42 South African advertising and PR agency contracts with fossil fuels listed in new Clean Creatives SA F-List report

ISSUED BY CLEAN CREATIVES

Clean Creatives is ramping up efforts to hold South African advertisers accountable for their ties to the fossil fuel industry (think Engen, Shell, BP). The organisation has published their 2024 SA F-List titled “A Flood of Greenwashing: 42 Advertising and PR Agency Contracts with the Fossil Fuel Industry in South Africa.” This report, which focuses on recent fossil fuel contracts in 2023 and 2024, exposes the deep entanglement of local creative agencies in enabling the fossil fuel industry to greenwash its image while contributing to climate change. By aligning with these fossil fuel companies, the ad industry is undermining environmental activism and delaying crucial legislative changes needed to address the environmental damage caused by the fossil fuel sector.

VIEW THE SA F-LIST 2024 

DOWNLOAD THE F-LIST REPORT

The 2024 SA F-List is the second local edition of the global Clean Creatives F-List report. Released in September, this year’s global report was the most comprehensive yet, detailing 1,010 fossil fuel contracts held by 590 ad and PR agencies in the last two years worldwide. 

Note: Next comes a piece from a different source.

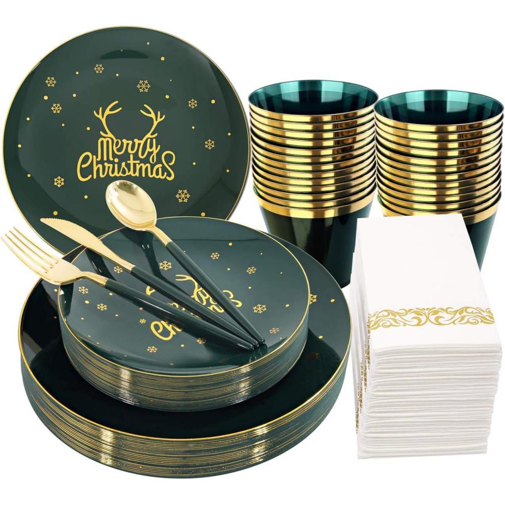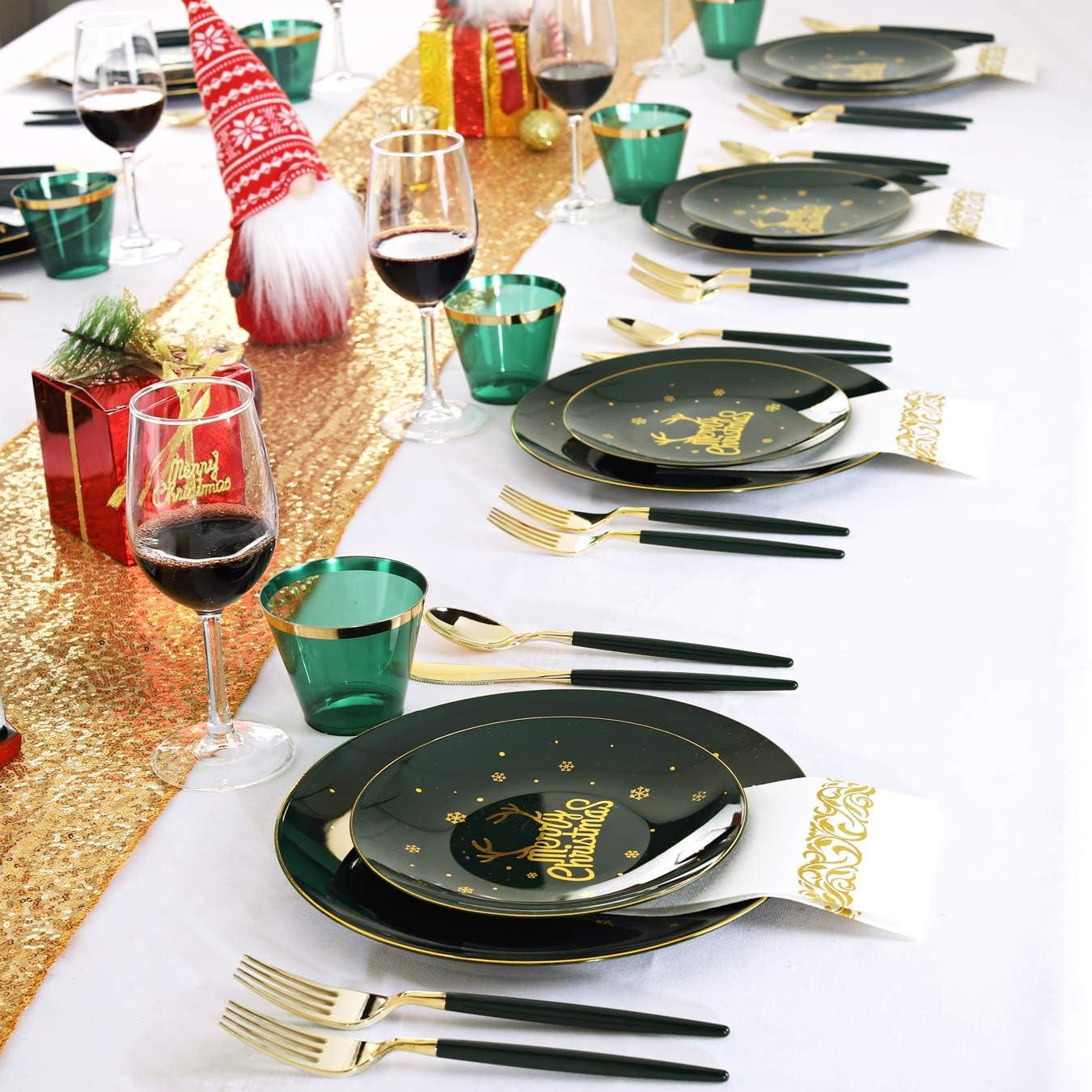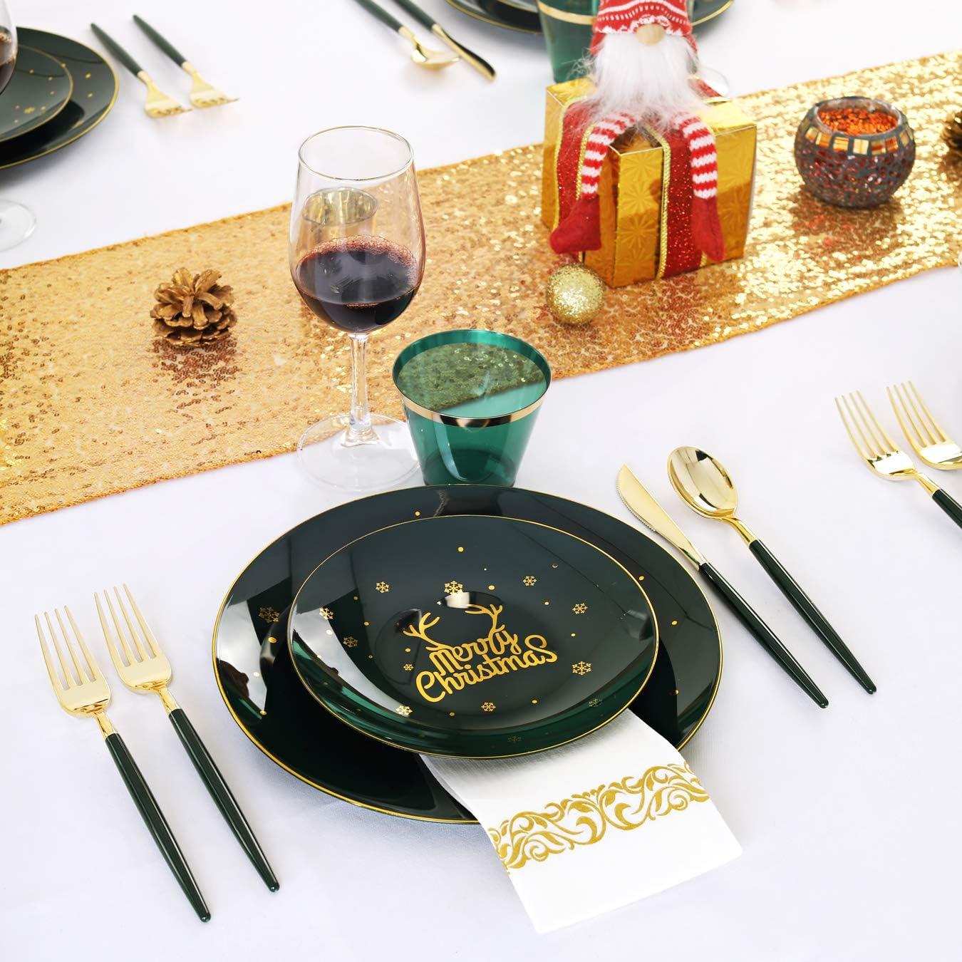 imagenervure 175pcs Green and Gold Disposable PlatesampampGold Plastic Silverware with Green Handle Include 50 Plates 25 Spoons 25 Knives 25 Forks 25 Cups 25Napkins

As climate disasters and extreme weather become more frequent, the local report highlights how South Africa’s advertising and PR industry is not only failing to align with clean energy trends, but is actively working to protect the fossil fuel industry from accountability.

The Friday Street Club PR agency Managing Director and Founder, Emma King said: “From the devastating floods in Asheville USA and the hottest summer on record in the Northern Hemisphere, to our own floods in the Western Cape, in 2024, it’s apparent that the climate crisis is not a theory, but a reality happening in our own lifetime. As creatives and communications leaders, we have the chance to lead and change narratives – and we need to do this responsibly. We can either be part of the solution or part of the problem.”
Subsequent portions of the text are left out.